Malgré la relative nouveauté de ces types d’initiatives, on remarque qu’elles empruntent la plupart du temps des modes d’organisations traditionnels issus de l’économie sociale, soit les coopératives, les associations et les OBNL. S’il est vrai que le mouvement de l’économie sociale en général et le mouvement coopératif en particulier connaissent un essor au XXIe siècle (Favreau et Hébert, 2012; Draperi, 2012), plusieurs considèrent qu’il leur manque un projet et un leadership politique afin de pouvoir se positionner comme une vraie alternative aux failles du système économique dominant (Favreau, 2010; Draperi, 2012; Wright, 2014; Borrits, 2015).
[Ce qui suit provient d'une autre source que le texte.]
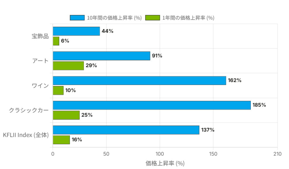 実際に、英不動産コンサルタント会社Knight Frank(ナイトフランク)のラグジュアリー投資指数によると、クラシックカーの価格は過去10年間で185%も上昇しており、これは美術品や高級ワインといった他の実物資産を大きく上回るパフォーマンスです。

Suivant Borrits (2018 : 17), « [s]i la forme coopérative d’entreprise reste un cadre largement utilisé dans les expériences alternatives [comme les communs], le mouvement coopératif international s’est aujourd’hui tellement institutionnalisé qu’il ne constitue plus une force transformatrice ». Dans cette perspective, la revendication des communs peut-elle être le signe d’un changement de paradigme par l’émergence d’une vision plus politisée et transformatrice de l’économie sociale? Quelles spécificités, continuités historiques et différences entre les formes traditionnelles de l’économie sociale et celles plus actuelles se revendiquant des communs? Bref, assiste-t-on à un renouveau et/ou une politisation de l’économie sociale au Québec via l’émergence de nouveaux projets socio-économiques plus radicaux, appelant à l’autogouvernement, la libération du travail et la construction d’utopies réelles pour bâtir une société post-capitaliste (Wright, 2020)? 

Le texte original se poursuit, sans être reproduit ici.